For near off-target selectivity screening, individual peptides were loaded onto T2-A*11 cells at 100 μmol/L peptide and function was normalized to G12V 10-mer peptide. Selectivity peptide identification was done exactly as described previously (17) and in the Supplementary Data.

To assess TCR or CAR expression by flow cytometry, transfected Jurkat cells were stained using protein L (Thermo Fisher Scientific, 29997) or anti-mouse TCRβ (BioLegend, 109208). Binding to KRAS mutant or WT pMHC tetramers was similarly assessed following a 60-minute incubation with 10 μg/mL pMHC tetramer either individually or pooled (co-stain).

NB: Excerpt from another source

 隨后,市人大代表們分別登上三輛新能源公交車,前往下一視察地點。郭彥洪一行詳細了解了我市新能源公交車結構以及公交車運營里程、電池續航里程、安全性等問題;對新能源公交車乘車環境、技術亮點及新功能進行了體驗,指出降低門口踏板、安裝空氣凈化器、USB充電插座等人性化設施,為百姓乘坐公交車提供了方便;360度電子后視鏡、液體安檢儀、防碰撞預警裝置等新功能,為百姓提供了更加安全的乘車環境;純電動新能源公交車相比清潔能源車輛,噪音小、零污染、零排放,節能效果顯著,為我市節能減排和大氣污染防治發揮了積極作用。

PBMCs from healthy donors, obtained from AllCells, were cultured and transduced with KRAS TCR or CAR constructs using custom lentivirus (Alstem) as described previously (15, 17). In the absence of enrichment, primary T cells were stained for TCR or CAR expression and pMHC probe binding similarly as described above for Jurkat cells. CD4 and CD8 T-cell populations were also characterized by flow cytometry. A total of 15 days posttransduction transduced primary T cells were enriched via positive selection by staining with protein L-biotin/streptavidin-PE or mTCRβ-PE followed by anti-PE microbeads (Miltenyi Biotec, 130-048-801) and subsequent separation through LS columns (Miltenyi Biotec). T cells were further expanded for 5 days and then cocultured with 25,000 target cells at an effector:target = 1:1 for 24 hours with peptide-pulsed T2 HLA-A*11, endogenous KRAS G12V(+) SHP77 ± HLA-A*11, or endogenous KRAS G12D(+)HLA-A*11(+) PANC-1. Secreted IFNγ in the culture was assessed by ELISA (Thermo Fisher Scientific, 88-7316-88).

The data generated in this study are available within the article and its Supplementary Data files.

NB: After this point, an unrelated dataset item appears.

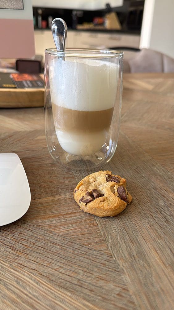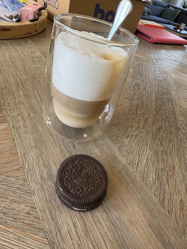 Donderdag (20 maart). Koffie met en Oreo koekje. En wat bezig achter de computer.

We focused on HLA-A*11 and G12V/D because of previous work that characterized TCRs derived from A*11 transgenic mice immunized with A*11/G12V/D tetramers (11). These TCRs are weak or inactive against native cell lines unless loaded with peptide or engineered to overexpress A*11. Therefore, we first sought to gain confidence that unmanipulated KRAS G12V/D(+)/HLA-A*11(+) cell lines display the KRAS-mutant peptides. We used pMHC immunoprecipitation and mass spectrometry to search for peptide spectra in four such cell lines (Table 1). We identified spectra for only one KRAS 10-mer peptide (KRAS_7–16, G12V) in the KRAS G12V(+)HLA-A*11(+) COLO 688 cell line. No other KRAS peptides, WT or mutant, were detected in the remaining lines, although various WT KRAS peptides were detected in some A*02(+) cell lines tested. We also searched for other mutant KRAS peptides for which we had obtained biochemical evidence of complex formation with common HLA-A alleles [G12V/HLA-A*02 (Supplementary Fig. S1)] in one additional mutant cell line (SW527), although none were identified. This result is consistent with the low levels of most pMHCs on the cell surface (19). However, we also note that mass spectrometry is known to have false-negative results in the range of pMHC abundance (20). The discrepancy between total KRAS protein and apparent presentation is well documented (21, 22). Because only approximately 1% of pMHCs have abundance of at least 2,000 molecules/cell, we assume A*11/G12V, though detectable by mass spectrometry, is considerably less abundant (19). Thus, potent receptors are likely required to mediate effective killing by T cells at physiologic levels of mutant KRAS.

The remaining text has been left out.